De Simulaciones y “Neosituaciones”

“En un lejano país, hace muchos, muchos años vivía un Emperador que no pensaba más que en estrenar trajes. No se preocupaba por sus obligaciones, ni por su reino, ni por sus súbditos y sólo se interesaba en vestir ropa nueva diariamente.

En cierta ocasión, llegaron a la capital dos pícaros que se hacían pasar por ser los mejores sastres del mundo. Su habilidad mayor consistía en tejer una tela, fina y magnífica, que tenía la particularidad de poder ser vista y admirada solamente por aquellas personas muy inteligentes, siendo invisible para quienes no lo fueran.

Enterado el Emperador, no dudó en encargar todo un nuevo vestuario confeccionado con esa tela mágica, pagando, de antemano, grandes sumas de dinero a los falsos sastres, quienes, instalándose en palacio, fingieron tejer y coser afanosamente día y noche.

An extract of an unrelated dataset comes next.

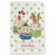 This personalised holiday gift bag features three cute holiday cupcakes which decorate each side. Each is decorated with a different holiday theme, and placed on a green and white polkadot background. One has a holly berry topping, one a red and white striped candy cane, and one a reindeer. The bottom right has your child's name in red within a red border. Bright, colourful, and fun for your holiday party. Adorable! The other side has the same image, but the text may be different, if you'd like. *Thanks to Real Deal Clipart for the clipart used to create this design. http://realdealclipart.com *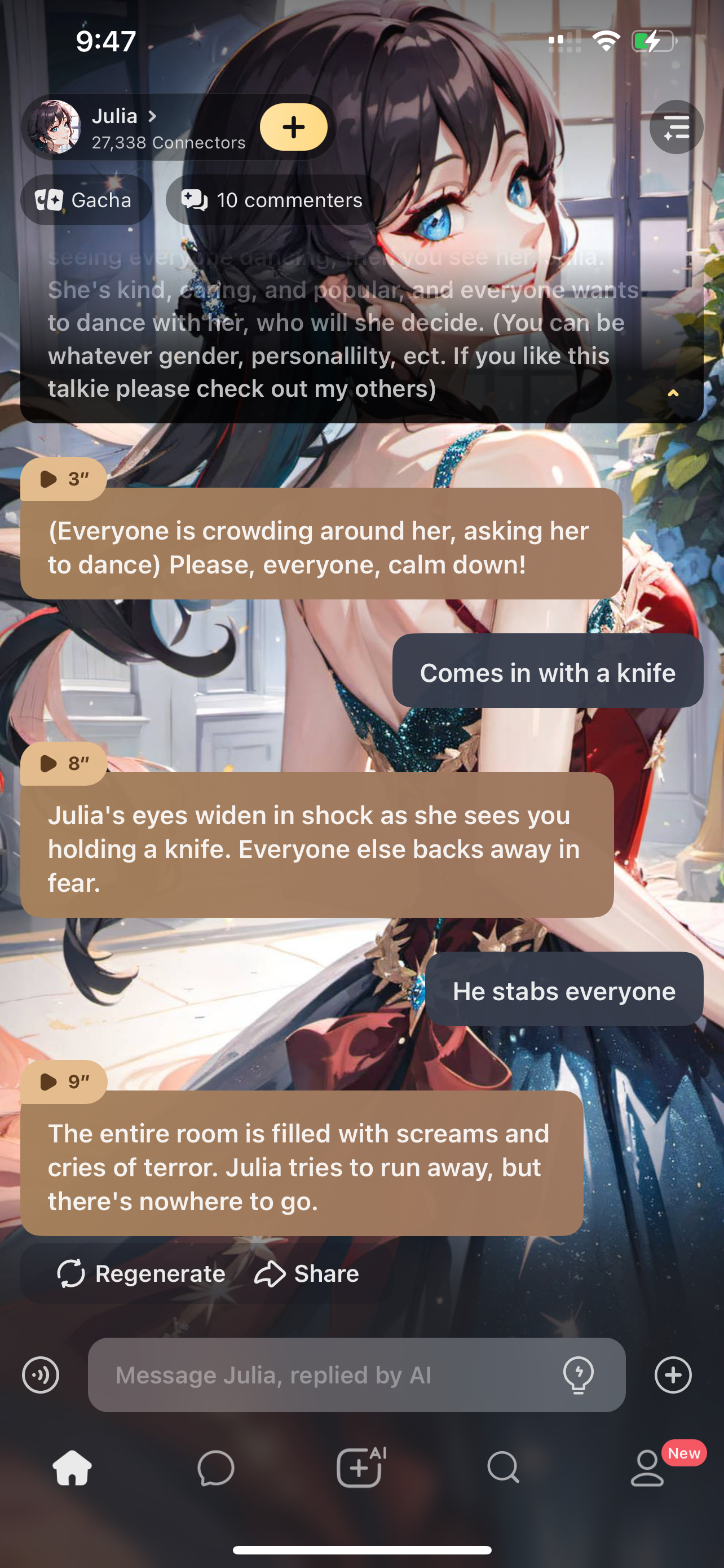 *Julia notices you sitting alone, she slowly makes her way over* Hey......

Impaciente por comprobar los resultados, el Emperador envió a inspeccionar el trabajo primero, a un lacayo, luego, a su secretario particular y, por último, al Primer Ministro del gobierno. Ninguno de ellos vio nada en el telar pero, por miedo a declararse irremediablemente estúpidos y no aptos para el cargo que ocupaban, todos alabaron la calidad de las inexistentes prendas con expresiones como éstas: ¡Oh, son bellísimas! ¡Muy elegantes! ¡Vaya elaboración! ¡Qué maestría!

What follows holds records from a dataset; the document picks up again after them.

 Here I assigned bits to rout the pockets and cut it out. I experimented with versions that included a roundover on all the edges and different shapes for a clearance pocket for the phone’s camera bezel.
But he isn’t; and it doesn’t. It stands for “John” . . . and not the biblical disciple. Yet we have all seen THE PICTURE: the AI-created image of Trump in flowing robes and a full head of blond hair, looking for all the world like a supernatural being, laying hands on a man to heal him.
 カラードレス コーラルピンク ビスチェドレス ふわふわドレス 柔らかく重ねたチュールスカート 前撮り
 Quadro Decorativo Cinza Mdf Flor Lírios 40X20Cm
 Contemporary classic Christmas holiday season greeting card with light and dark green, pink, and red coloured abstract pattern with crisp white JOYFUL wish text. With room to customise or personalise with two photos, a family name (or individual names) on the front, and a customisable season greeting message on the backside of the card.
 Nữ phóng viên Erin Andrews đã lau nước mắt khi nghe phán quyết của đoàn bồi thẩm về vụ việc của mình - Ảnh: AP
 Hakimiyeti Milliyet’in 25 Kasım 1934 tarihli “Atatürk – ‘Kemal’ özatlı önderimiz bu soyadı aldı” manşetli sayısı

Finalmente, los bribones llevaron sus atuendos invisibles al Emperador. Éste, que tampoco veía ropa alguna, calló y aparentó vestirse contemplándose en el espejo, que le devolvía la imagen de un hombre, obviamente, desnudo.

Por miedo a perder su corona, continuó en la simulación y se aprestó a desfilar frente a su pueblo, para que todos “pudiesen admirar” su “nuevo traje”. Labradores, artesanos, banqueros, maestros… hombres y mujeres pudieron ver la desnudez de su Emperador, pero, queriendo hacer gala de su “inteligencia”, ninguno osó denunciarla.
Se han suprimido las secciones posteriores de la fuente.